### What needs to be done
The entire listing, reproduced exactly and stripped of images, is the expected output.

----- Dataset content -----

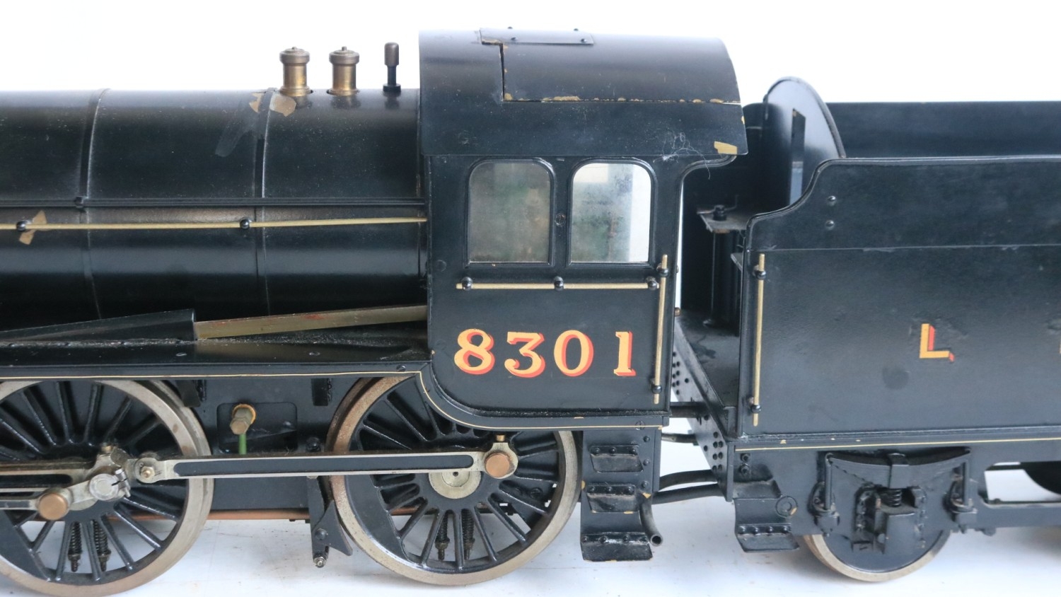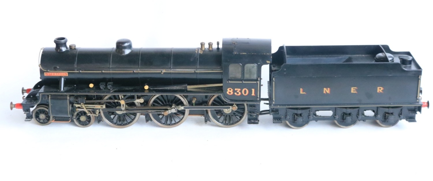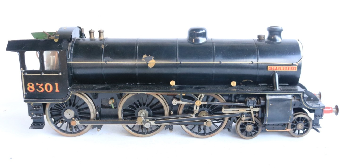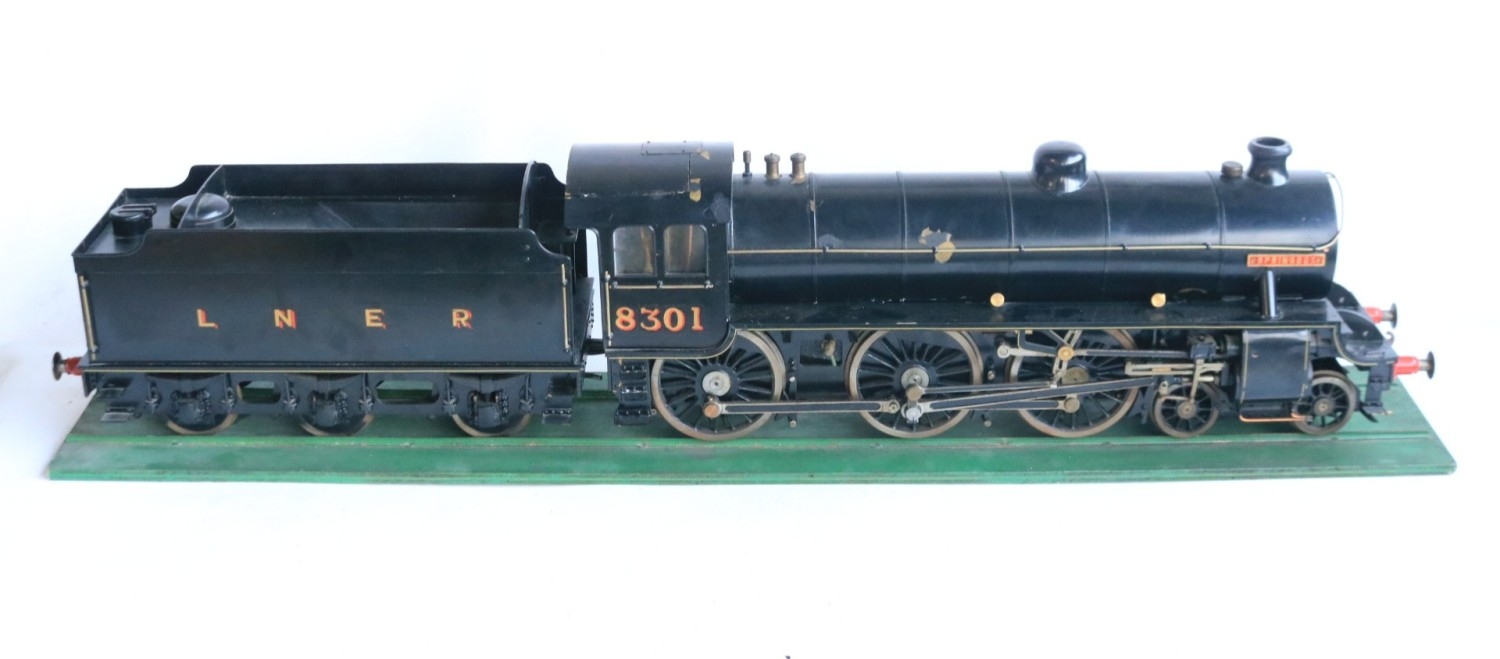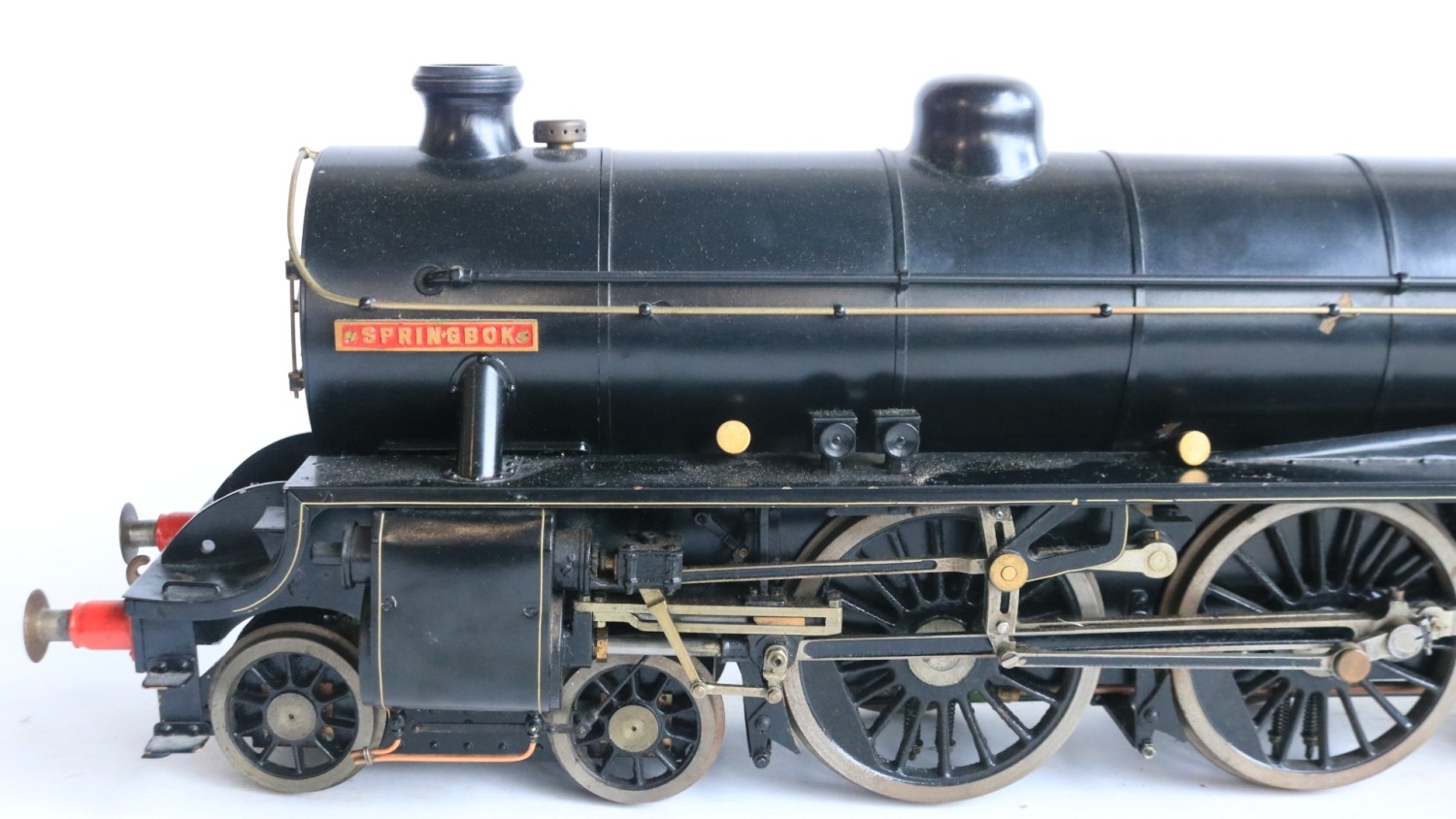 Large scale all metal 3.5" gauge live steam LNER Thompson Class B1 4-6-0 8301 'Springbok' locomotive model and tender, with working suspension and sprung buffers (please note left side tender rear buffer jammed in compressed position and some loose parts on model), no boiler certificate and would likely need a comprehensive service should any potential buyer wish to bring her back to life, the model would however make for a stunning static display as is, some fairly extensive paint chipping and please note front bogey loose but with fixing nut and some other loose parts (please refer to photos), overall dimensions approx length 119cm, width 17.5cm, height 26cm, complete with green painted wood base
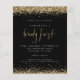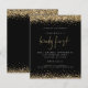 Gold Glitzer Black 21. Party Einladung. Eine preisgünstige SMALLER 4.5" x 5.6" Alternative. Erhältlich in einem SEMI GLOSS 110lb CARD STOCK oder einem SATIN FINISH 80lb THINNER PAPIERSTOCK. Umschläge sind optional. Elegante goldene Imitate Glitzer Konfetti Ränder sind oben und unten und auch auf der Rückseite auf einem klassischen schwarzen Hintergrund. Twenty First ist Set in einem modernen Stil der Handschrift. Personalisieren Sie einfach die Erholung des Textes auf Ihren eigenen.
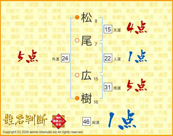 生活面を象徴する運勢です。外部から受ける影響力を表し、結婚運、家庭運や職場、環境への順応性を表します。総運から人運を引いた画数。姓や名が1文字の場合を除く。
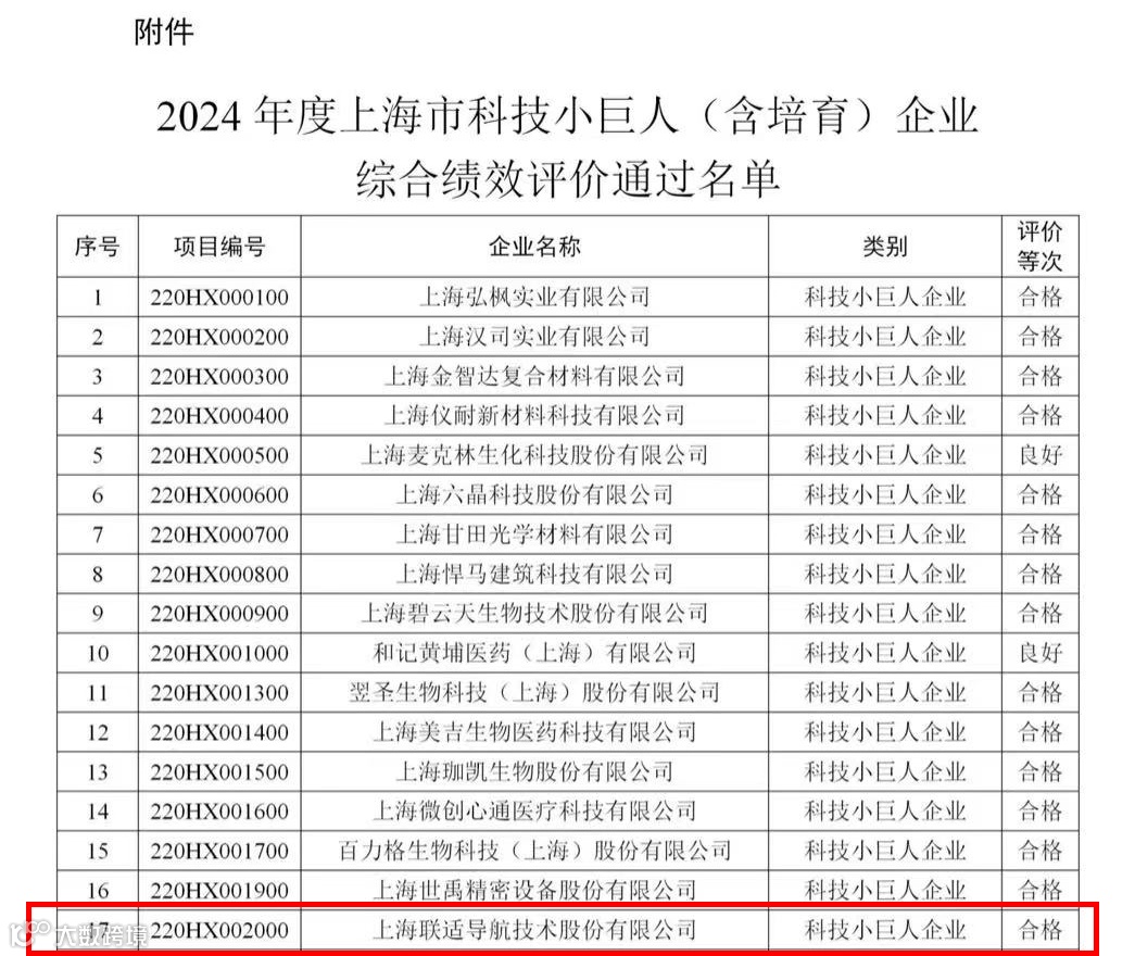 10月8日,根据上海市科学技术委员会、上海市经济和信息化委员会、上海市财政局下发的《关于开展2024年度上海市科技小巨人(含培育)企业综合绩效评价工作的通知》,上海联适导航技术股份有限公司评价结果为“合格”。
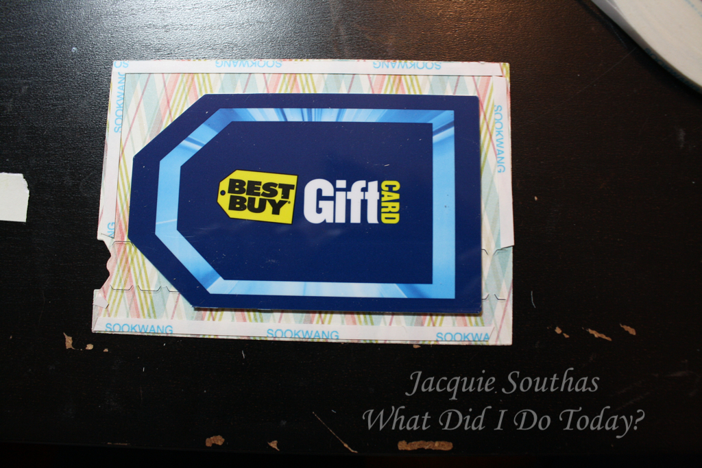 Dear daughter gets an iTunes gift card - it is a little easier to see in this photo how I ran the Scor-Tape.

-----

### Response
 Large scale all metal 3.5" gauge live steam LNER Thompson Class B1 4-6-0 8301 'Springbok' locomotive model and tender, with working suspension and sprung buffers (please note left side tender rear buffer jammed in compressed position and some loose parts on model), no boiler certificate and would likely need a comprehensive service should any potential buyer wish to bring her back to life, the model would however make for a stunning static display as is, some fairly extensive paint chipping and please note front bogey loose but with fixing nut and some other loose parts (please refer to photos), overall dimensions approx length 119cm, width 17.5cm, height 26cm, complete with green painted wood base
 Gold Glitzer Black 21. Party Einladung. Eine preisgünstige SMALLER 4.5" x 5.6" Alternative. Erhältlich in einem SEMI GLOSS 110lb CARD STOCK oder einem SATIN FINISH 80lb THINNER PAPIERSTOCK. Umschläge sind optional. Elegante goldene Imitate Glitzer Konfetti Ränder sind oben und unten und auch auf der Rückseite auf einem klassischen schwarzen Hintergrund. Twenty First ist Set in einem modernen Stil der Handschrift. Personalisieren Sie einfach die Erholung des Textes auf Ihren eigenen.
 生活面を象徴する運勢です。外部から受ける影響力を表し、結婚運、家庭運や職場、環境への順応性を表します。総運から人運を引いた画数。姓や名が1文字の場合を除く。
 10月8日,根据上海市科学技术委员会、上海市经济和信息化委员会、上海市财政局下发的《关于开展2024年度上海市科技小巨人(含培育)企业综合绩效评价工作的通知》,上海联适导航技术股份有限公司评价结果为“合格”。
 Dear daughter gets an iTunes gift card - it is a little easier to see in this photo how I ran the Scor-Tape.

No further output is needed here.